Work instruction: Pictures stay out of the copy. Retype exactly the lines below from the one with "近日,C919大型客机试飞现" through the one with "그러나 우리가 궁금한건".

Source information:
__________

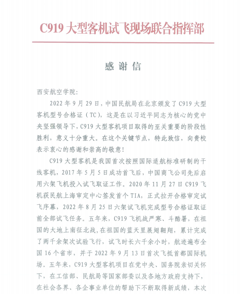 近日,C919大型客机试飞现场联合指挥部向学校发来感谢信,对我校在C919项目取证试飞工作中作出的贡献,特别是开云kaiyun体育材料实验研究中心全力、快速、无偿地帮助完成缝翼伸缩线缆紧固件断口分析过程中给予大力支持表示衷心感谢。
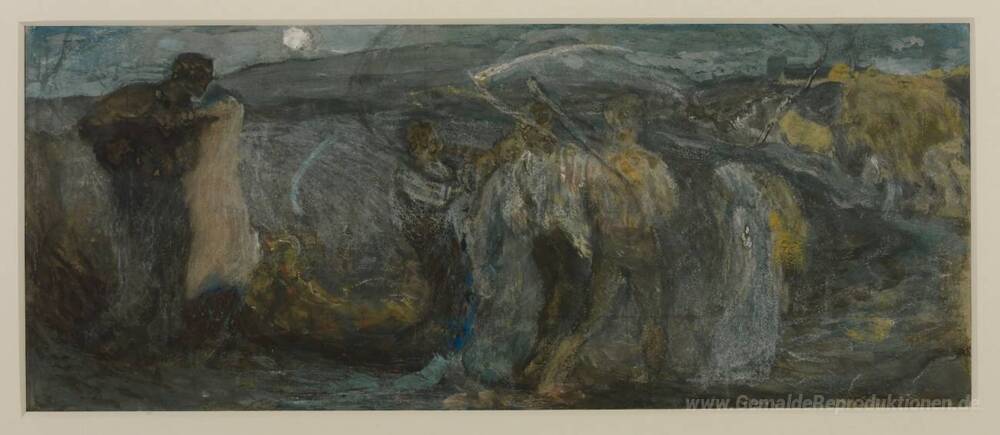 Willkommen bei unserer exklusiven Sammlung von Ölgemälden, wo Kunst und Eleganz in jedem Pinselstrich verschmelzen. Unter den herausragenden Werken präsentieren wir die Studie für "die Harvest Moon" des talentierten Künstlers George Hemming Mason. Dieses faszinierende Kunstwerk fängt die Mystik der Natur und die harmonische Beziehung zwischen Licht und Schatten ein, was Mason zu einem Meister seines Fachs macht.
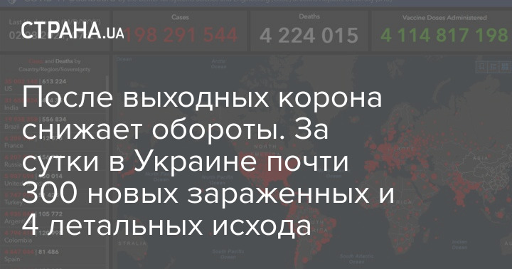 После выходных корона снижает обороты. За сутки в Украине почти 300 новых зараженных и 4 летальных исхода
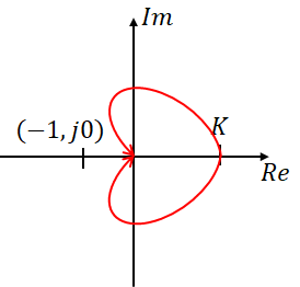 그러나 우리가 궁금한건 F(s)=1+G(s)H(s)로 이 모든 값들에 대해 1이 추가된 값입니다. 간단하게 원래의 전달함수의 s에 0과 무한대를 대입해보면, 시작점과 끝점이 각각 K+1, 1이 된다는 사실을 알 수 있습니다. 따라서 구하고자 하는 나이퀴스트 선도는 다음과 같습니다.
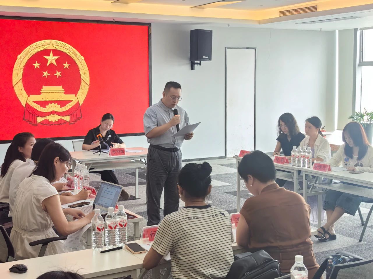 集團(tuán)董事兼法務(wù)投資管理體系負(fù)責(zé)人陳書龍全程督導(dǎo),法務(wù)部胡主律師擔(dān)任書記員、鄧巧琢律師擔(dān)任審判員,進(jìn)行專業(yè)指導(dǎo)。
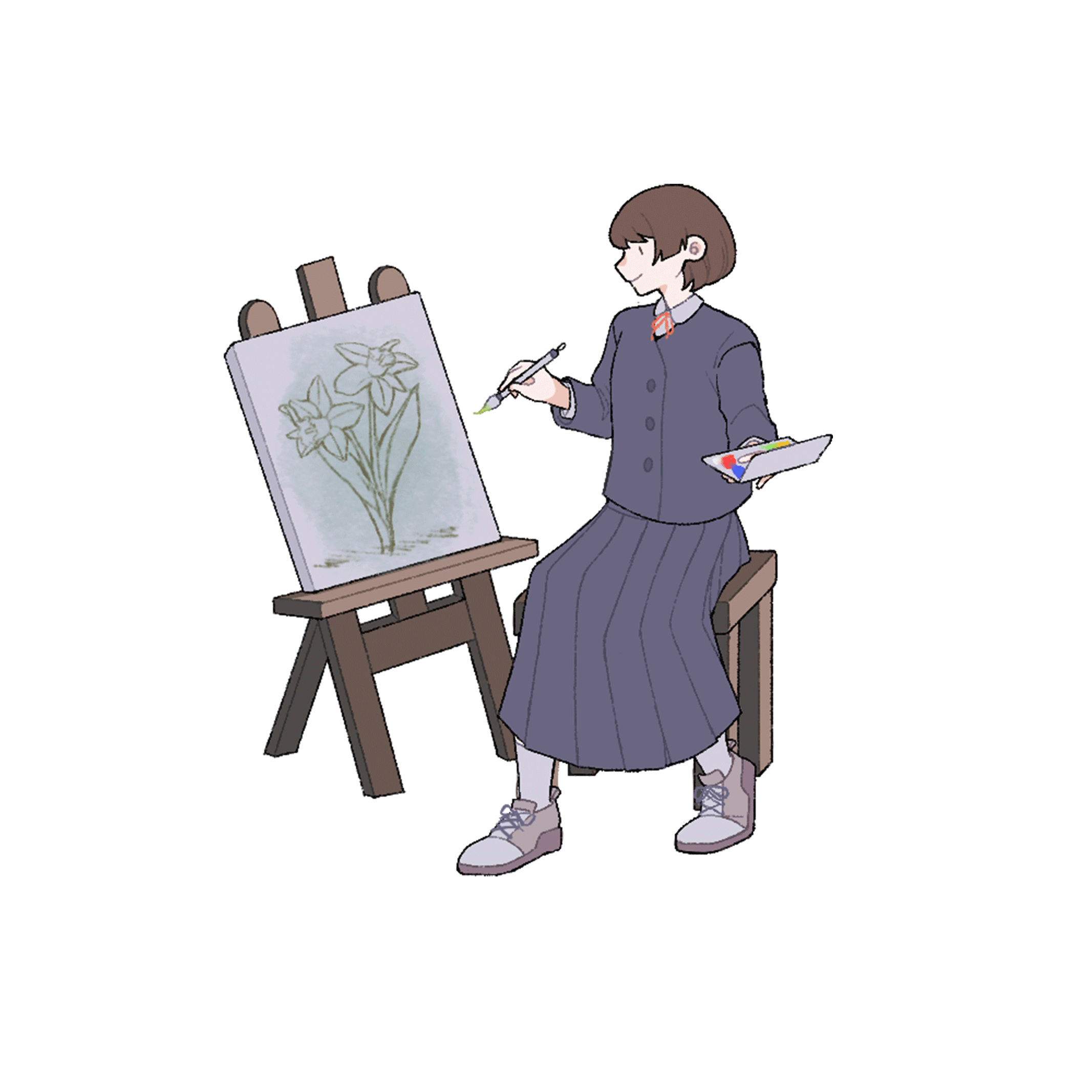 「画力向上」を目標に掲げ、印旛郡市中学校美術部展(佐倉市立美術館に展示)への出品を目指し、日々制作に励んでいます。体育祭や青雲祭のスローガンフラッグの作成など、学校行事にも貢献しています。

__________

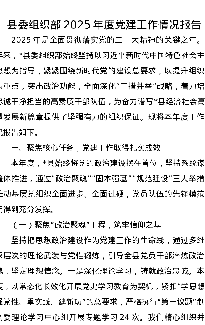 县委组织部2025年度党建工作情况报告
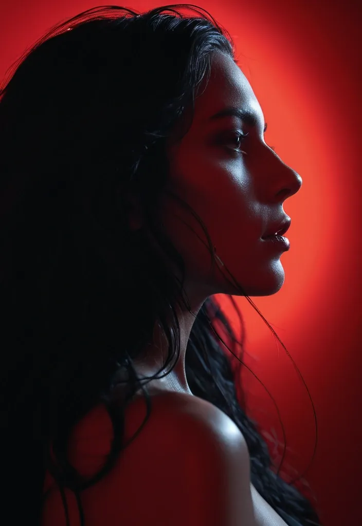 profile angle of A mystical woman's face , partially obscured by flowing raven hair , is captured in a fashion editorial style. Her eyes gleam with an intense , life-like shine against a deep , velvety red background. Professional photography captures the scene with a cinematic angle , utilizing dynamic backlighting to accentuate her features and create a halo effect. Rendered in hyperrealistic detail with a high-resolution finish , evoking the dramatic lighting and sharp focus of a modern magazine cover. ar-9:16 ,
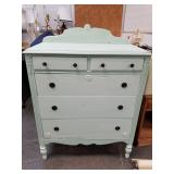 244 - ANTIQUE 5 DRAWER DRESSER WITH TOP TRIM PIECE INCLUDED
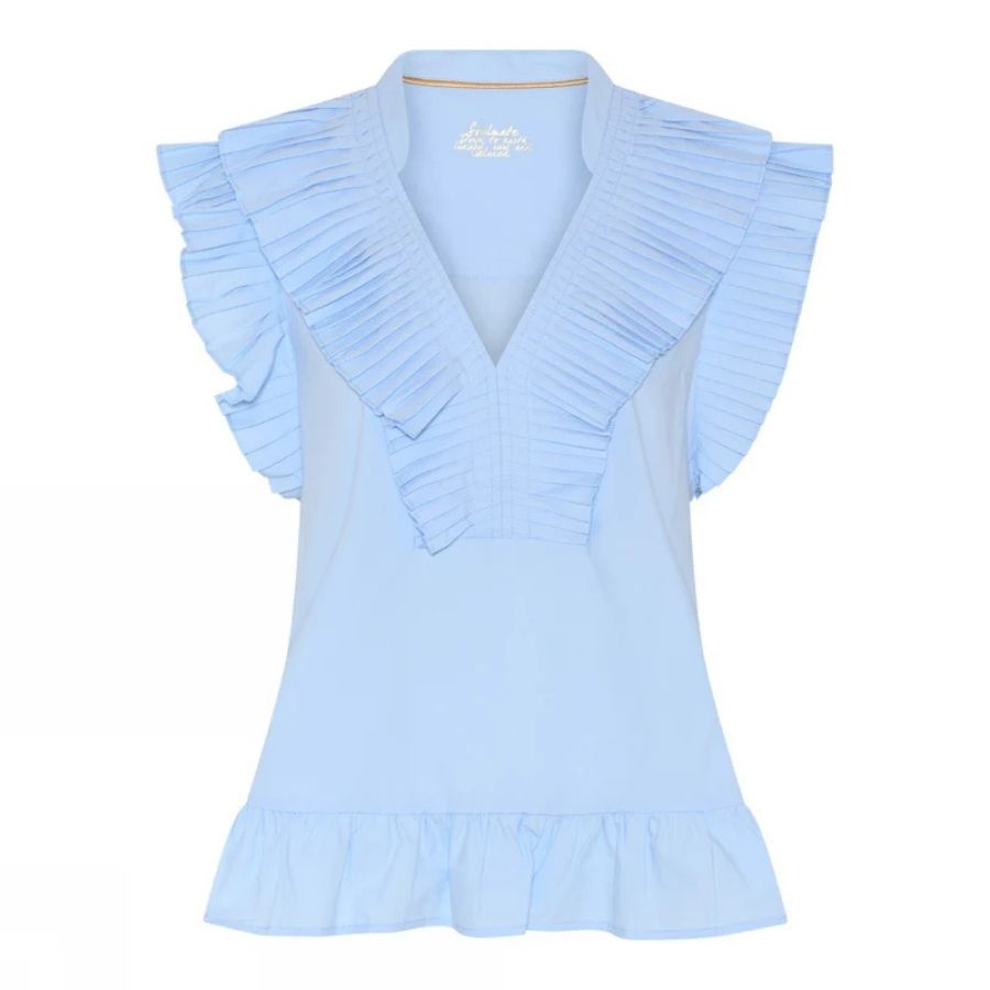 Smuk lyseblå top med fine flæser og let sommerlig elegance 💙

__________

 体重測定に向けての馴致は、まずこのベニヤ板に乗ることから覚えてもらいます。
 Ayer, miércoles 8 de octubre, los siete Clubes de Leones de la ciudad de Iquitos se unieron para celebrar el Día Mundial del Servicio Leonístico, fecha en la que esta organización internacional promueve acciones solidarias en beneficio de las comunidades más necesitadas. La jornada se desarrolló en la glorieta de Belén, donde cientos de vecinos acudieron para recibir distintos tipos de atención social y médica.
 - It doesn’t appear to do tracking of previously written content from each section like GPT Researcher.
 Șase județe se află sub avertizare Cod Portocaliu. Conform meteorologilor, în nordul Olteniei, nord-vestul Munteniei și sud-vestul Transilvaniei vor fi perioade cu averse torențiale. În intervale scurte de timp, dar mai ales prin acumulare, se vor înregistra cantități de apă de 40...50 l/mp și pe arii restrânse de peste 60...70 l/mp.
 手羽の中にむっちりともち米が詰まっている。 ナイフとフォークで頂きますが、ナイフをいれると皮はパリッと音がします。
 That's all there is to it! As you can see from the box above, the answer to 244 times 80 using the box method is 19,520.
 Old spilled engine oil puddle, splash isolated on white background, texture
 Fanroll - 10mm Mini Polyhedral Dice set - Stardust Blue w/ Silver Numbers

__________

Response area:
 近日,C919大型客机试飞现场联合指挥部向学校发来感谢信,对我校在C919项目取证试飞工作中作出的贡献,特别是开云kaiyun体育材料实验研究中心全力、快速、无偿地帮助完成缝翼伸缩线缆紧固件断口分析过程中给予大力支持表示衷心感谢。
 Willkommen bei unserer exklusiven Sammlung von Ölgemälden, wo Kunst und Eleganz in jedem Pinselstrich verschmelzen. Unter den herausragenden Werken präsentieren wir die Studie für "die Harvest Moon" des talentierten Künstlers George Hemming Mason. Dieses faszinierende Kunstwerk fängt die Mystik der Natur und die harmonische Beziehung zwischen Licht und Schatten ein, was Mason zu einem Meister seines Fachs macht.
 После выходных корона снижает обороты. За сутки в Украине почти 300 новых зараженных и 4 летальных исхода
 그러나 우리가 궁금한건 F(s)=1+G(s)H(s)로 이 모든 값들에 대해 1이 추가된 값입니다. 간단하게 원래의 전달함수의 s에 0과 무한대를 대입해보면, 시작점과 끝점이 각각 K+1, 1이 된다는 사실을 알 수 있습니다. 따라서 구하고자 하는 나이퀴스트 선도는 다음과 같습니다.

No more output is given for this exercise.